**Exercise prompt:**
Show all the lines in the data below that include the word "White".

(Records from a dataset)
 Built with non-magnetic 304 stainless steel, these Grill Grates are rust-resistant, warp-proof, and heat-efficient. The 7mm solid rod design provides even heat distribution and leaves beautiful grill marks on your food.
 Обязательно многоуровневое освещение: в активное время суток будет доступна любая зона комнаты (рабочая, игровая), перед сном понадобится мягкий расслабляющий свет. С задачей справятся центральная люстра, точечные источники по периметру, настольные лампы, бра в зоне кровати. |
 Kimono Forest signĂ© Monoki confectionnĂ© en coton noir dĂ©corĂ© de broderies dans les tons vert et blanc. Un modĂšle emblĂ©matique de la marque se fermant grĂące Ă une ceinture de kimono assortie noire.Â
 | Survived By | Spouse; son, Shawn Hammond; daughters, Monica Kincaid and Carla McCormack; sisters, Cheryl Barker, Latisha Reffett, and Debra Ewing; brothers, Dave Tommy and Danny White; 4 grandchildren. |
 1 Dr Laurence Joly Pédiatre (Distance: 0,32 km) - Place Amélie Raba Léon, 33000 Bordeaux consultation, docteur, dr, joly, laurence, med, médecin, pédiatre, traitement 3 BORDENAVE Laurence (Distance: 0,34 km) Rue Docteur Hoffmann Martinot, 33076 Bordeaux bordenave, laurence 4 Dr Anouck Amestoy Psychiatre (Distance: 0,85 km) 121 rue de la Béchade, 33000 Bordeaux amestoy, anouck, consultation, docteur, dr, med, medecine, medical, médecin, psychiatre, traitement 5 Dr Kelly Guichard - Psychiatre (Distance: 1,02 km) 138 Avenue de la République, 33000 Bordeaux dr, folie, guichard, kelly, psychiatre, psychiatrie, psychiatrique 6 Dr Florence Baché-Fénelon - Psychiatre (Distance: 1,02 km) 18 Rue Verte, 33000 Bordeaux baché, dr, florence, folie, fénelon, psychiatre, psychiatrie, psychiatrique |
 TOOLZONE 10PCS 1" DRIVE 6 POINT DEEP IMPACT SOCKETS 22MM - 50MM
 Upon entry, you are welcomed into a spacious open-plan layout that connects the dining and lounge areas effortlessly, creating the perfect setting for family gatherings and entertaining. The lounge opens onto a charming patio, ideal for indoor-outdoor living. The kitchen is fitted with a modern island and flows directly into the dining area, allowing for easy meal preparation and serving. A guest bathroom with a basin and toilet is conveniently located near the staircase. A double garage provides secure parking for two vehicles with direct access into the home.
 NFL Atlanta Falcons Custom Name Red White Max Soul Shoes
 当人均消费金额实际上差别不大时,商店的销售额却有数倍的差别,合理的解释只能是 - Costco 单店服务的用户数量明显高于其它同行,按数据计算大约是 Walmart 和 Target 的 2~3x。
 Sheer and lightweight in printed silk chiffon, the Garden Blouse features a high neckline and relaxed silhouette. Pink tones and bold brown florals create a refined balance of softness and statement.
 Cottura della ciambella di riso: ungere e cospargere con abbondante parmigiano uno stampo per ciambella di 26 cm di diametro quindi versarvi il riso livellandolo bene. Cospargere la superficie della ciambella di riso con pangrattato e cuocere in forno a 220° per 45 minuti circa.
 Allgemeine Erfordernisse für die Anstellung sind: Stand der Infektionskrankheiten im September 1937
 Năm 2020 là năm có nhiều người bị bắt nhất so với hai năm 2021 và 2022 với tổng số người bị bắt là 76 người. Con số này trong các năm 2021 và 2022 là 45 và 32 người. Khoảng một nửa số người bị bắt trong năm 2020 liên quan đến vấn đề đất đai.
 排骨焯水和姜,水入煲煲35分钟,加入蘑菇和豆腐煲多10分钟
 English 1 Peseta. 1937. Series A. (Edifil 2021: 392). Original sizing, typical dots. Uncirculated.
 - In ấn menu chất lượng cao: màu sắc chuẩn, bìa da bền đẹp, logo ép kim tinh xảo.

**Solution for this exercise:**
 | Survived By | Spouse; son, Shawn Hammond; daughters, Monica Kincaid and Carla McCormack; sisters, Cheryl Barker, Latisha Reffett, and Debra Ewing; brothers, Dave Tommy and Danny White; 4 grandchildren. |
 NFL Atlanta Falcons Custom Name Red White Max Soul Shoes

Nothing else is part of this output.